Return the data below unchanged, without images.

**Data block:**
▼
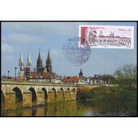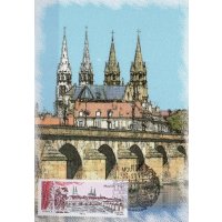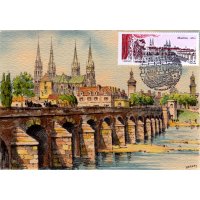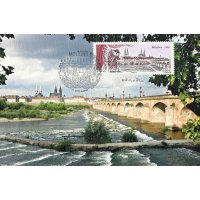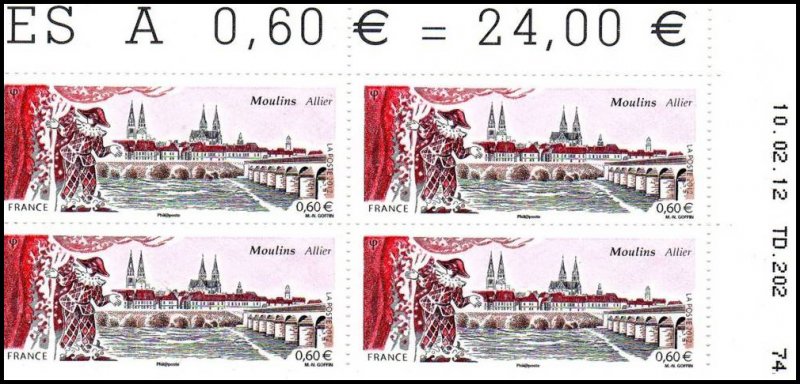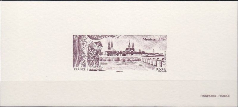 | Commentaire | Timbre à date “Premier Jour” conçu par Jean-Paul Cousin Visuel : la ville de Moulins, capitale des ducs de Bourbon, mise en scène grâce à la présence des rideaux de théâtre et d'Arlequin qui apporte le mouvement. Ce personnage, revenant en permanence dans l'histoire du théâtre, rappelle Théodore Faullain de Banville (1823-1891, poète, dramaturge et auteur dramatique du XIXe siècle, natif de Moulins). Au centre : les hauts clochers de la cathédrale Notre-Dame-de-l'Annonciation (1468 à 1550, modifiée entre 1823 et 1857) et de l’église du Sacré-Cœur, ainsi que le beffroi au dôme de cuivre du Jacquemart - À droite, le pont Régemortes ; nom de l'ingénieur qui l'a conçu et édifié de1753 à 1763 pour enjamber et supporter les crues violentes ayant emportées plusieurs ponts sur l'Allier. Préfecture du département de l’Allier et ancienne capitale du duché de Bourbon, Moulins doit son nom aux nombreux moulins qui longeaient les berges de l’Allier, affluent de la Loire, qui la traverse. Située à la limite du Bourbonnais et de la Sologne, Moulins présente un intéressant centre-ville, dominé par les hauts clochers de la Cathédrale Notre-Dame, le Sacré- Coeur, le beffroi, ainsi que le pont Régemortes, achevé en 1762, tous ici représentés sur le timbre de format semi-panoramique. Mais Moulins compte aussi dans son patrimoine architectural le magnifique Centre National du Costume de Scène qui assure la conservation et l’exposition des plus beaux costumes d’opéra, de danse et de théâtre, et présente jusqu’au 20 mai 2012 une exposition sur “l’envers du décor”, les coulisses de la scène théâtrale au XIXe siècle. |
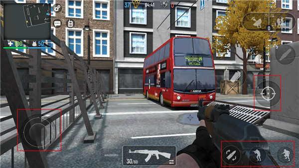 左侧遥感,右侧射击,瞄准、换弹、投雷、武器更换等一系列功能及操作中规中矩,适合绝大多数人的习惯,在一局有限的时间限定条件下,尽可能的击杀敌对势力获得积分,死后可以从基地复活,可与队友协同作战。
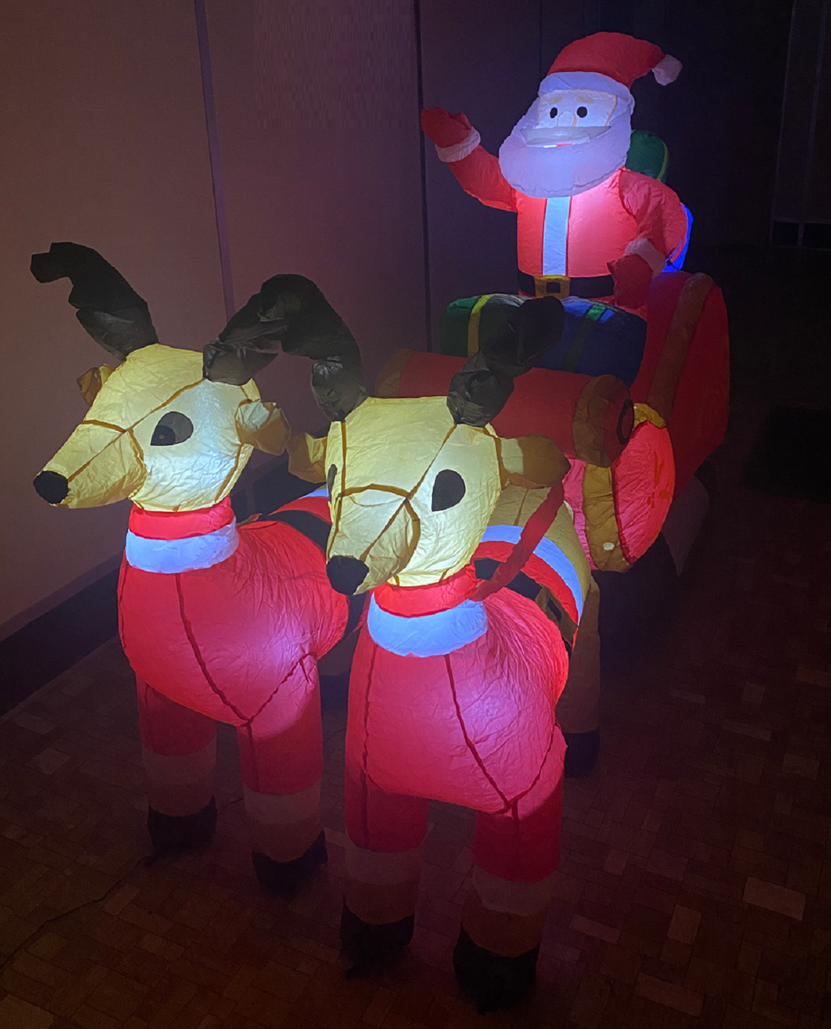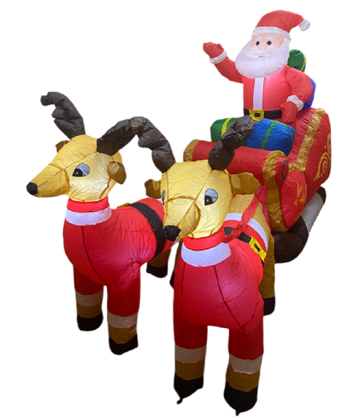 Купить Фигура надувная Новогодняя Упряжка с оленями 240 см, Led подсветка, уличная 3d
▲
**Solved exercise:**
 | Commentaire | Timbre à date “Premier Jour” conçu par Jean-Paul Cousin Visuel : la ville de Moulins, capitale des ducs de Bourbon, mise en scène grâce à la présence des rideaux de théâtre et d'Arlequin qui apporte le mouvement. Ce personnage, revenant en permanence dans l'histoire du théâtre, rappelle Théodore Faullain de Banville (1823-1891, poète, dramaturge et auteur dramatique du XIXe siècle, natif de Moulins). Au centre : les hauts clochers de la cathédrale Notre-Dame-de-l'Annonciation (1468 à 1550, modifiée entre 1823 et 1857) et de l’église du Sacré-Cœur, ainsi que le beffroi au dôme de cuivre du Jacquemart - À droite, le pont Régemortes ; nom de l'ingénieur qui l'a conçu et édifié de1753 à 1763 pour enjamber et supporter les crues violentes ayant emportées plusieurs ponts sur l'Allier. Préfecture du département de l’Allier et ancienne capitale du duché de Bourbon, Moulins doit son nom aux nombreux moulins qui longeaient les berges de l’Allier, affluent de la Loire, qui la traverse. Située à la limite du Bourbonnais et de la Sologne, Moulins présente un intéressant centre-ville, dominé par les hauts clochers de la Cathédrale Notre-Dame, le Sacré- Coeur, le beffroi, ainsi que le pont Régemortes, achevé en 1762, tous ici représentés sur le timbre de format semi-panoramique. Mais Moulins compte aussi dans son patrimoine architectural le magnifique Centre National du Costume de Scène qui assure la conservation et l’exposition des plus beaux costumes d’opéra, de danse et de théâtre, et présente jusqu’au 20 mai 2012 une exposition sur “l’envers du décor”, les coulisses de la scène théâtrale au XIXe siècle. |
 左侧遥感,右侧射击,瞄准、换弹、投雷、武器更换等一系列功能及操作中规中矩,适合绝大多数人的习惯,在一局有限的时间限定条件下,尽可能的击杀敌对势力获得积分,死后可以从基地复活,可与队友协同作战。
 Купить Фигура надувная Новогодняя Упряжка с оленями 240 см, Led подсветка, уличная 3d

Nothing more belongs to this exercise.